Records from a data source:
○ ○ ○ ○ ○

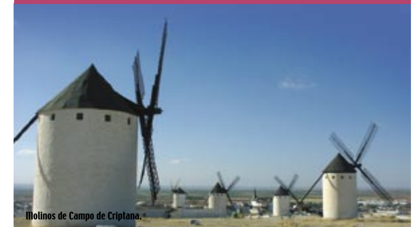
Molinos de Campo de Criptana.
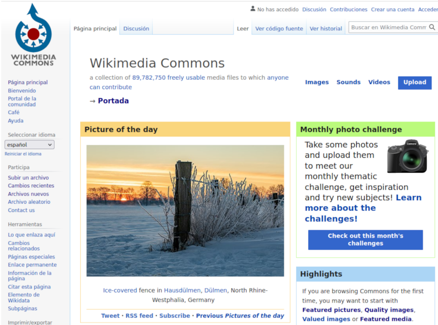
Fig. 2.
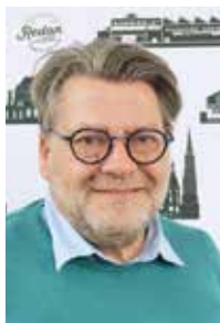
Pascal Duchêne Maire de Redon
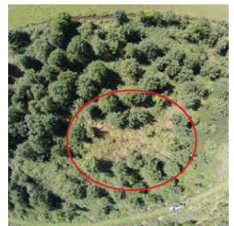
Figuur 2 Sterfteplekken veroorzaakt door essentaksterfte in een verruigd essenhakhoutperceel zijn vanuit de lucht eenvoudig te herkennen.

Het Engelse bedrijf BioCarbon Engineering gebruikt drones om grote gebieden te kunnen herplanten na ontbossing. De drones fotograferen het gebied waar de nieuwe bomen geplant moeten worden en verzamelen data over reliëf, vegetatie en bodemvochtigheid. Hiermee wordt een uitgebreide 3D-kaart van het terrein
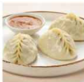
Хинкали жареные или варёные с сыром и зеленью 110 | 80 г со свиной и говядиной 120 | 80 г с говядиной 120 | 80 г с бараниной 150 | 80 г
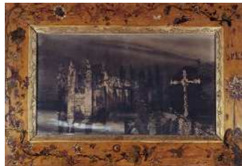
Victor Hugo à Hauteville House. Photographie d'Edmond Bacot, 1862, maison de Victor Hugo © Edmond Bacot / Maisons de Victor Hugo / Roger-Viollet
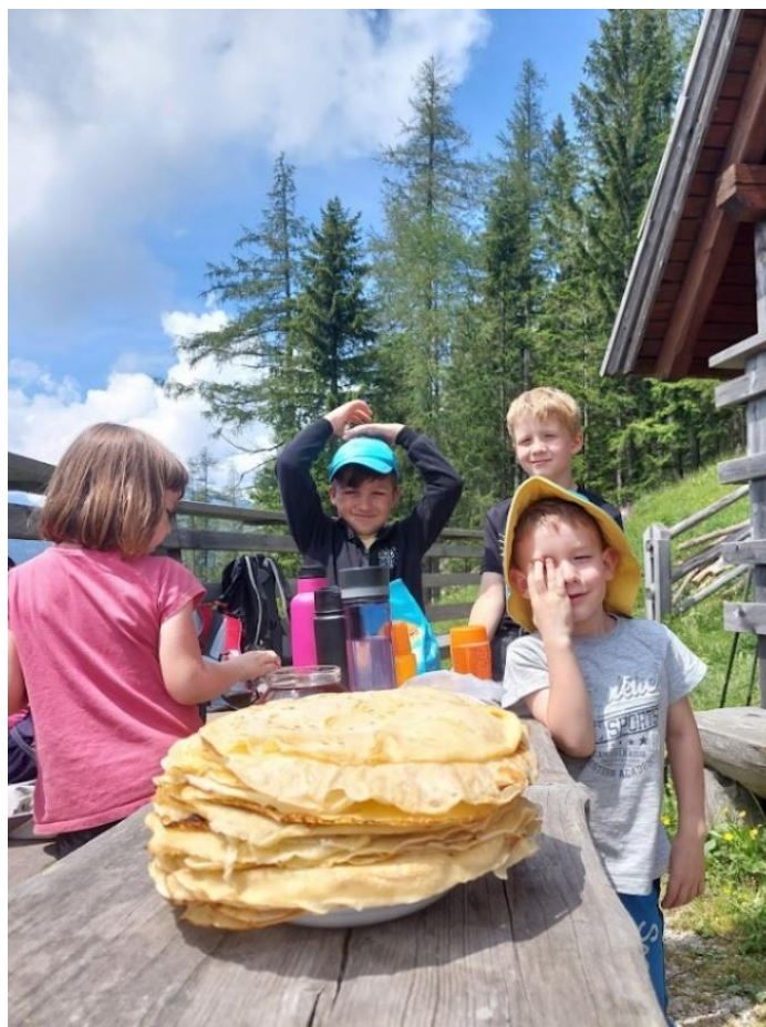
Slika 14: Palačinke

Po kosilu in peki palačink se je druženje zavleklo v popoldanske ure, potem smo bivak in okolico bivaka pospravili in ob 16.00 je sledil povratek v dolino. Na poti proti Gornjem Gradu smo obvestili starše, da so prišli iskat svoje otroke.
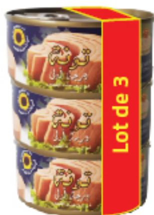
Thon à l'Huile de Tournesol LORD FOOD 3 x 160 g
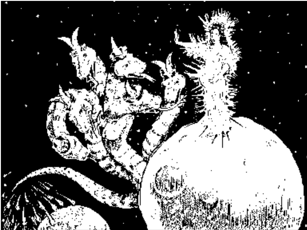
Женщина и дракон (12:1–4)

Иоанна в женщине видели церковь” (Квиспел). Однако такое отождествление, похоже, вступает в противоречие с первыми пятью стихами главы, которые говорят о рождении женщиной Иисуса: ведь мы знаем, что это Иисус дал жизнь церкви, а не церковь – Иисусу (Мат. 16:18, 19).

○ ○ ○ ○ ○

» WHAT YOU WILL DO:
From the records above, return exactly the lines running from the one that contains "Figuur 2 Sterfteplekken" down to the one that contains "Хинкали жареные или", both included, without any pictures.

» ANSWER TO THIS EXERCISE:
Figuur 2 Sterfteplekken veroorzaakt door essentaksterfte in een verruigd essenhakhoutperceel zijn vanuit de lucht eenvoudig te herkennen.

Het Engelse bedrijf BioCarbon Engineering gebruikt drones om grote gebieden te kunnen herplanten na ontbossing. De drones fotograferen het gebied waar de nieuwe bomen geplant moeten worden en verzamelen data over reliëf, vegetatie en bodemvochtigheid. Hiermee wordt een uitgebreide 3D-kaart van het terrein
Хинкали жареные или варёные с сыром и зеленью 110 | 80 г со свиной и говядиной 120 | 80 г с говядиной 120 | 80 г с бараниной 150 | 80 г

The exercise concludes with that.